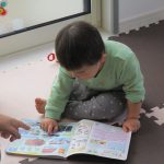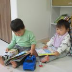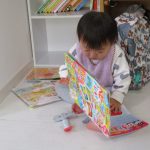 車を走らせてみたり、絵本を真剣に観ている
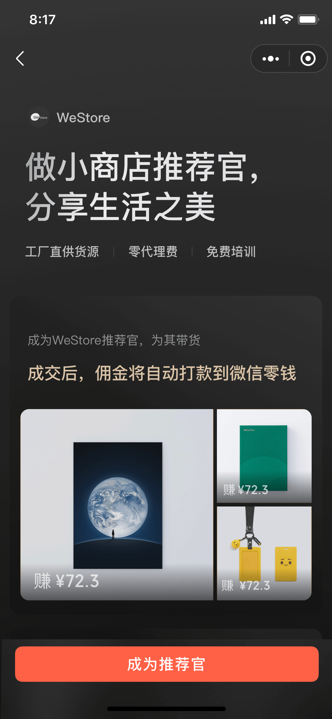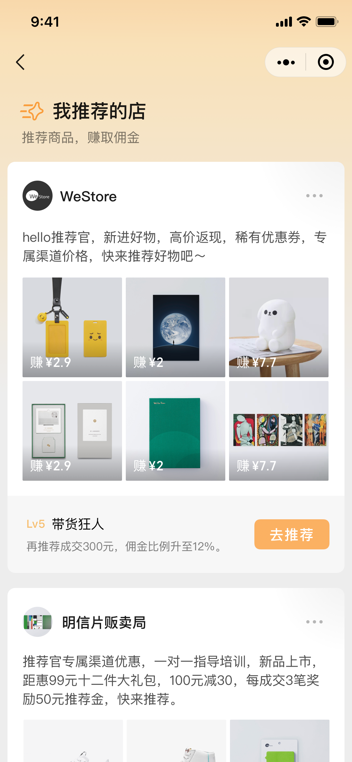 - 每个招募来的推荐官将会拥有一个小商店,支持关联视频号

...

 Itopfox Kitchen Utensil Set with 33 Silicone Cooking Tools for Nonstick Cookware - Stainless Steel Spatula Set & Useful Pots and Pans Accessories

● **EXERCISE**: Take the lines above starting at the one containing "車を走らせてみたり、絵本を真剣に観ている" and ending at the one containing "- 每个招募来的推荐官将会拥有一个小商店,支持关联视频号", and print them again exactly, without pictures.

● **OUTPUT OF THE TASK**:
 車を走らせてみたり、絵本を真剣に観ている
 - 每个招募来的推荐官将会拥有一个小商店,支持关联视频号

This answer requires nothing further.